Now run the following snippet to check if your class works fine.

In [None]:
explainer = CAM(model, 'layer4')
cam = explainer(image_tensor, class_to_explain)
xai_utils.show_saliency(image_tensor, cam)

CAM opens up a new class of techniques for generating saliency maps, CAM being the simplest of the lot. GradCAM is an extention to CAM. 

### 3. GradCAM
[[Paper](https://arxiv.org/pdf/1610.02391.pdf)]

GradCAM is similar to CAM but here instead of multiplying the activations with the model weights, we use gradients when the outputs of the explained class is backpropagated through the model.

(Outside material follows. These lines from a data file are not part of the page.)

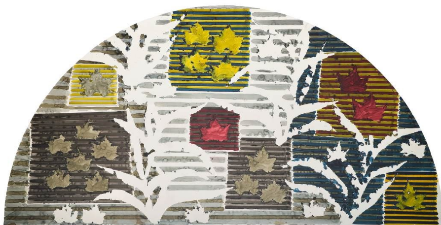
Jean-Michel Meurice, Lipo10 , 1983 © Jean-Michel Meurice - Adagp, Paris 2017

Tout ou partie des œuvres figurant dans ce dossier de presse sont protégées par le droit d'auteur. Les œuvres de l'ADAGP ( www.adagp.fr ) peuvent être publiées aux conditions suivantes :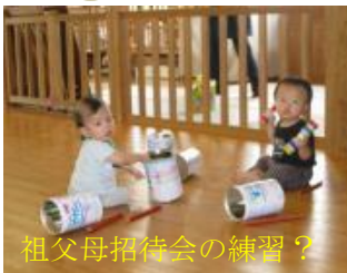
祖父母招待会の練習?

農道に不審者がいるという設定で訓練をしました。子ども達はおしゃべりをする事もなく、部屋、ホールへの移動ができました。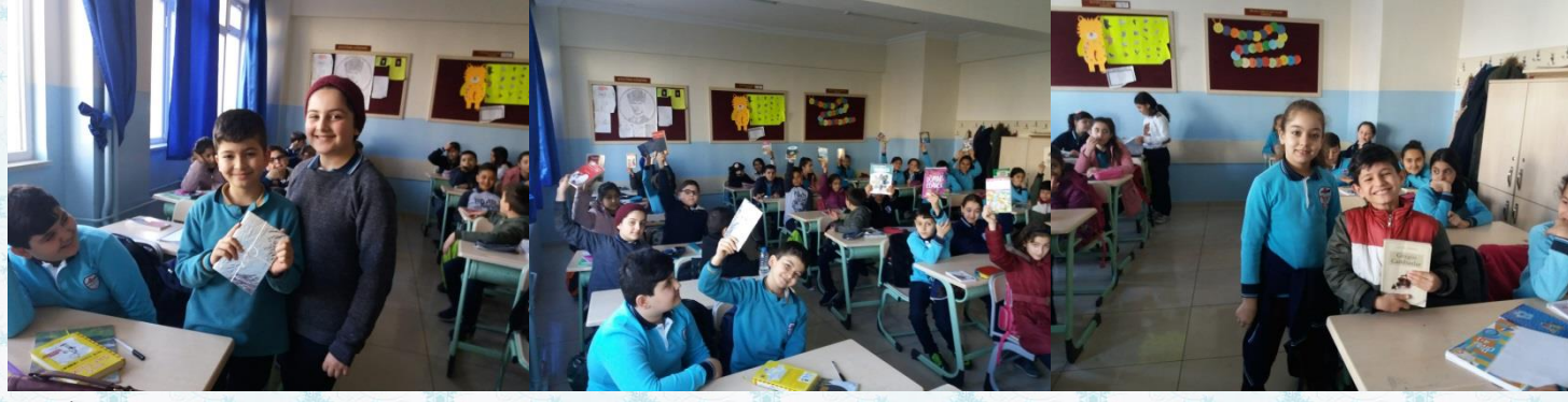
5/A sınıfında gönüllü öğrencilerle ile hediye çekilişi yapıldı. Arkadaşımın kütüphanesine birer kitap hediye ettiler.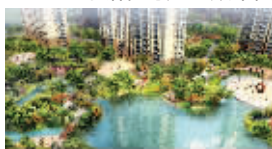
弘阳·旭日上城效果图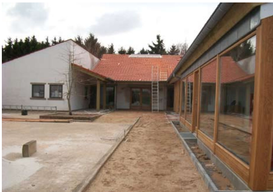
Indgangspartiet til Vojens Sognegård med kontoret for kordegn og præsterne, og i baggrunden indgang til mødelokaler, hvor der er 4 sale til aktiviteter for sognenes beboere i tresognspastoratet

Søndag den 30. maj indbydes der til indvielsesfest i den ny sognegård i Vojens.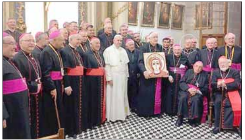
¿SEGUIRÁ TODO IGUAL? - Los 34 obispos activos de Chile fueron llamados a dar cuentas al Papa Francisco, aunque no sabemos si esto significará la renuncia de a alguno de ellos, o expulsión de la Iglesia.

- A ver, ahí hay que distinguir, yo creo que, para mí los abusos son la secuela o la supuración de una situación mucho más delicada y que dice relación con la fe, con Mi Identidad, con Mi Vocación, con Mi Ministerio, dice relación con el lugar que ocupa Dios en mi existencia y en la existencia de los demás, yo creo que tal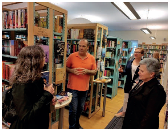
Slika 4. Susret s članovima Čitateljskog kluba Cheeta(j)! iz Gradske knjižnice „Ivan Goran Kovačić“ iz Karlovca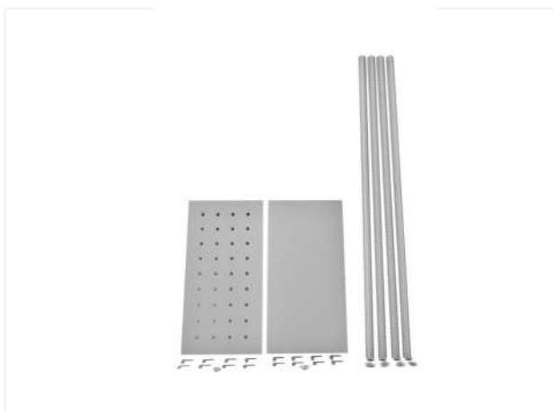
01 Общий вид комплектующих стеллажей серии ТС Лайт.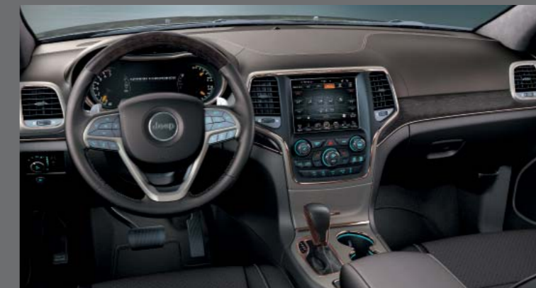
GRAND CANYON SÖTÉTBARNA NATURA PLUS BŐR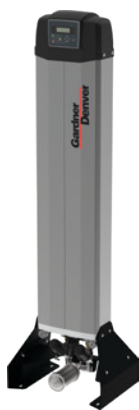
Serie GDX7M -40°C DS a GDX50M -40°C DS Caudales desde 0,67 m 3 /min

Clearly the class will look very similar to the CAM class. Here since we are using gradients as well, you need to use both forward and backward hooks.

In [None]:
class GradCAM(nn.Module):
    def __init__(self, model, feature_name):
        super(GradCAM, self).__init__()
        self.model = model
        self.feature_name = feature_name

        ###START CODE HERE####
        # Create the forward and backward hooks

        ###END CODE HERE###

    
    def forward(self, input_tensor, class_idx):
        ###START CODE HERE###

        # Forward pass

        # Backward pass through the outputs

        # Multiply the gradients and activations
        
        # Apply ReLU over the obtained product
        
        # Upsample the gradcam map to the image size
    
        ###END CODE HERE###

Now, run the snippet below

In [None]:
explainer = GradCAM(model, 'layer4')
gradcam = explainer(image_tensor, class_to_explain)
xai_utils.show_saliency(image_tensor, gradcam)